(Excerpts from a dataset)

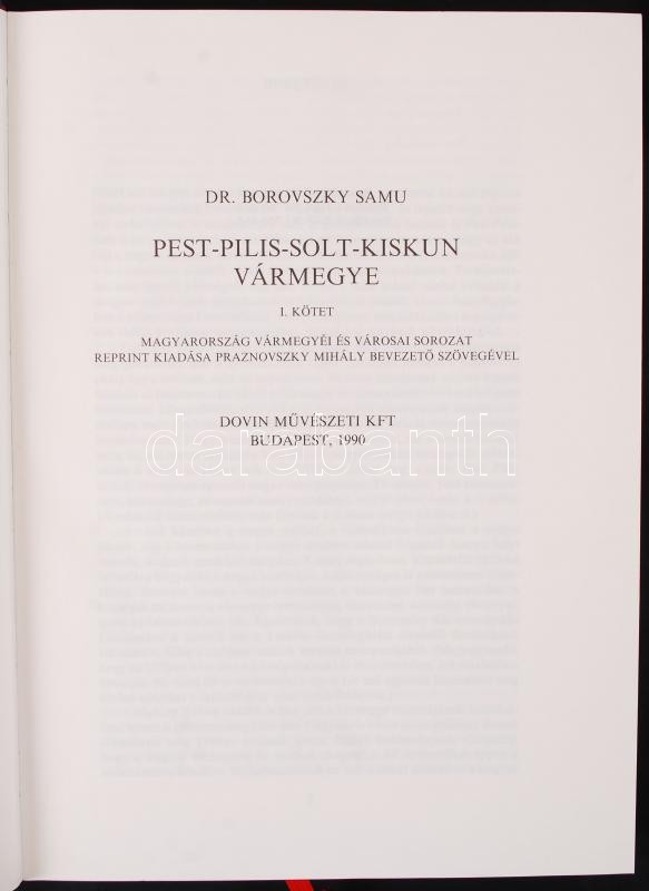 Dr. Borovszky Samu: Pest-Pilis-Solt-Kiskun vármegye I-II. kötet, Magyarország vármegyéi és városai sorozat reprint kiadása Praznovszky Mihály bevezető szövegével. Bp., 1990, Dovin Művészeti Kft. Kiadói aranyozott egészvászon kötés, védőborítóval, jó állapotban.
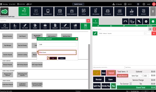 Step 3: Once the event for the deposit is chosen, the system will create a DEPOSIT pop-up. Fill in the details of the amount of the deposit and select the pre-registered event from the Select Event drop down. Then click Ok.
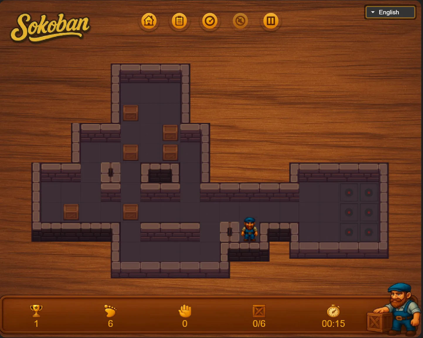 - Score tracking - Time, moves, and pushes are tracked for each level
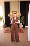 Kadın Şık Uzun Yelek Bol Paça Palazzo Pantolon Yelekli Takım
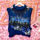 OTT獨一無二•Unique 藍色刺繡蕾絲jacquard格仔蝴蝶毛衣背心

** ASSIGNMENT **
The exact lines from the one containing "- Score tracking" through the end of the data are to be copied, with both ends kept and pictures left out.

** TASK OUTPUT **
 - Score tracking - Time, moves, and pushes are tracked for each level
 Kadın Şık Uzun Yelek Bol Paça Palazzo Pantolon Yelekli Takım
 OTT獨一無二•Unique 藍色刺繡蕾絲jacquard格仔蝴蝶毛衣背心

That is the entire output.